KABAR MADURA | Pendapatan asli daerah (PAD) Stadion Gelora Madura Ratu Pamellingan (SGMRP) tahun ini terancam tidak bisa penuhi target. Pasalnya, stadion kebanggan masyarakat Pamekasan ini akan direnovasi besar-besaran yang mengakibatkan tidak bisa dioperasikan selama beberapa bulan ke depan.
Kepala Bidang (Kabid) Prestasi Olahraga Dinas Pemuda Olahraga dan Pariwisata (Disporapar) Pamekasan Apriyanto mengatakan, target PAD khusus SGMRP tahun ini sebesar Rp250 juta. Nominal itu sama dengan tahun lalu. Menurutnya, kemungkinan untuk mencapai target hingga tutup tahun 2024 cukup kecil.
“Renovasi hingga September. Mungkin di sisa bulan-bulan terakhir masih bisa digunakan liga, tapi perolehan (retribusinya) tidak seberapa,” jelasnya saat ditemui Kabar Madura, Senin (29/1/2024).
Apri menjelaskan, renovasi itu merupakan proyek dari Kementerian Pekerjaan Umum dan Penataan Ruang (PUPR). Pihaknya tidak memiliki wewenang penuh dalam proses renovasi tersebut. Adapun anggaran yang digelontorkan sebesar Rp70 miliar. Renovasi itu meliputi pembenahan infrastruktur serta pemenuhan kelengkapan sarana dan prasarana (sarpras).

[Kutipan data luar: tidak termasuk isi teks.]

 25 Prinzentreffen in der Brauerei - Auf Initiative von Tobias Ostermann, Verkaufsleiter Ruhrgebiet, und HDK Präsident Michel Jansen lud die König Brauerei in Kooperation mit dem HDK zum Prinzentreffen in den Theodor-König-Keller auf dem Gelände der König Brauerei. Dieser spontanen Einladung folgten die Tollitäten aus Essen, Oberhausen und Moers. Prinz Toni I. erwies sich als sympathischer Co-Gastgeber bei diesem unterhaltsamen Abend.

Secara umum, kata Apri, target PAD fasilitas gedung olahraga yang dikelola pemkab mengalami peningkatan dibandingkan tahun lalu, seperti Gedung Olahraga (GOR) Teja tahun ini Rp11 juta, sedangkan tahun lalu hanya Rp6.600.000. GOR Sahabat Nyalaran saat ini target PAD-nya menjadi Rp12 juta dari sebelumnya Rp7.400.000. Sementara untuk lapangan tenis meja sebesar Rp10 juta.

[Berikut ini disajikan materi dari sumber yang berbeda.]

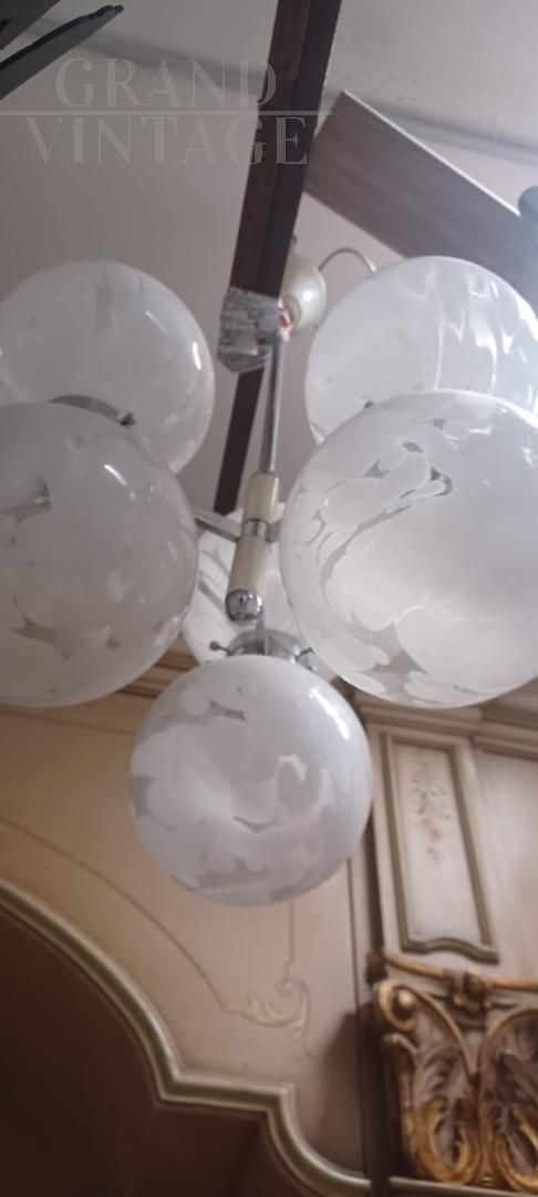 6 lights Murano glass chandelier by Carlo Nason for Mazzega, 70s, milky colour, chromed structure with chromed parts and white lacquered parts. The state of conservation is very good, the effect once lit is beautiful.
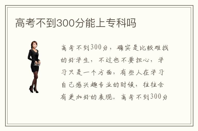 高考不到300分,確實是比較難找的好學(xué)生,不過也不要擔(dān)心,學(xué)習(xí)只是一個方面,有些人在學(xué)習(xí)自己感興趣專業(yè)的時候,往往會有更加好的表現(xiàn)。高考不到300分能上??茊岽髮U?guī)嗎,300分左右其實讀大專還是有好處的,比如更加適合就業(yè),學(xué)習(xí)一技之長,未來找工作更簡單。有些人可能就是吸取教訓(xùn),珍惜讀大專的機會,因此進行專升本,又能提高自身學(xué)歷。高考不到300分能上??茊嵩趺刺暨x學(xué)校,高考不到300分上專科其實也是有作用的,因為有些專科院校的實力還是相當(dāng)不錯,如果學(xué)生在讀完之后有事業(yè)編制的可能或者是考公務(wù)員,研究生等等,當(dāng)然前提條件是要有足夠的專業(yè)能力。有些學(xué)生可能并沒有這樣的實力,優(yōu)勢也不太明顯,所以大家要努力,不斷突破自己,這樣才會擁有更多機會。

Dia mengaku, pihaknya optimistis masing-masing fasilitas gedung olahraga lainnya bisa mencapai target hingga tutup tahun. Pasalnya, akan ada rehabilitasi juga yang direncanakan akan terlaksana tahun ini. Sehingga bisa menarik minat masyarakat.
“Total PAD dari keseluruhan fasilitas olahraga sebesar Rp291 juta. Kalau yang lain optimis tercapai. Tapi yang SGMRP itu, kemungkinan tercapai kecil. Makanya, target tahun ini dengan tahun lalu sama,” pungkasnya.